Итак, по мнению автора, неизменному практику революции, самым печальным в ту эпоху была сдача позиций Южным обществом в пользу Северного. На место решительных людей, готовых вести полки на штурм, прорывать оборону, пришли лукавые политики, для которых люди – средства, цареубийство и цареубийца – лишь клеточки на большой карте скудного воображения, которые играют в политику как в карты или бильярд.
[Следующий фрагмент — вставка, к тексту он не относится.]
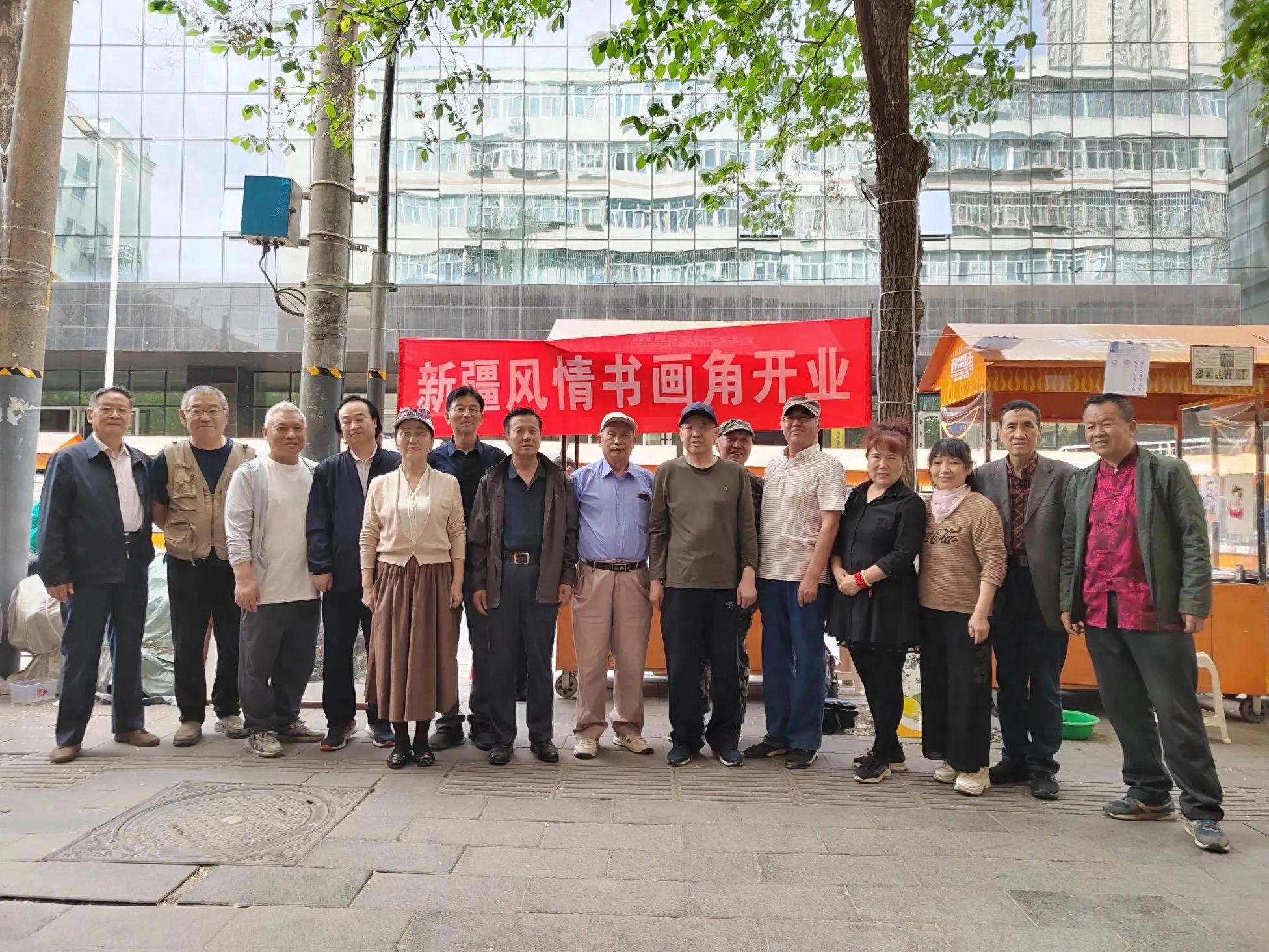 新疆知名书画艺术家们齐聚一堂,为这个充满艺术气息的角落增添了浓厚的文化氛围。
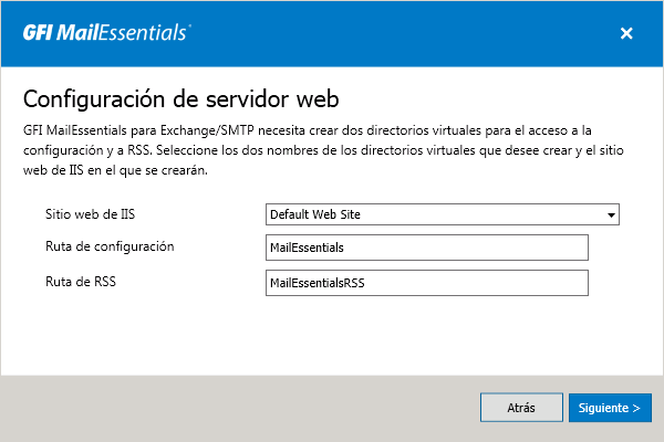 Especifique el nombre del directorio virtual de GFI MailEssentials.

По-настоящему мрачной фигурой предстает князь С. П. Трубецкой – мастер компромиссов, напрочь не понимающий, почему революция может воодушевлять, признающий только вычитанные из книг тактики, вроде выжидательной; он и сгубил революцию: каре солдат никуда не двинулось и никто к нему не присоединился. Трубецкой для Ларисы Рейснер, при всех несомненных убеждениях заговорщика, предвестник николаевской эпохи, веры в бюрократию и заемные технологии, с недоверием тому, чем только и живут люди, от высших офицеров до последнего мастерового. Ведь зачем делать революцию, если она просто перераспределит полномочия, не подружив со свободой даже тех людей, которые за день до этого не догадывались о возможности такой дружбы?

Настоящую революцию Лариса Рейснер видела «в преемственности, в этом постоянном и длительном нарастании» усилий, не позволяющих чьему-то частному суеверию, даже имеющему самый благополучный и рациональный вид, победить подлинную открытость событиям. Чрезмерная поспешность приводит к «озлобленной самокритике», мечтательность даже самого искреннего рабочего – к неумению копить силы из-за привычки их тратить, причем тратить больше на эмоции, чем на действительную работу. Поэтому авангардная мысль Ларисы Рейснер – прежде всего мысль о том, как научить пролетариат не слишком торопливому действию, чтобы он не принял свою раздробленность, свою вовлеченность в уже существующие структуры, от профсоюзов до торговли, за невозможность поменять что-либо в жизни.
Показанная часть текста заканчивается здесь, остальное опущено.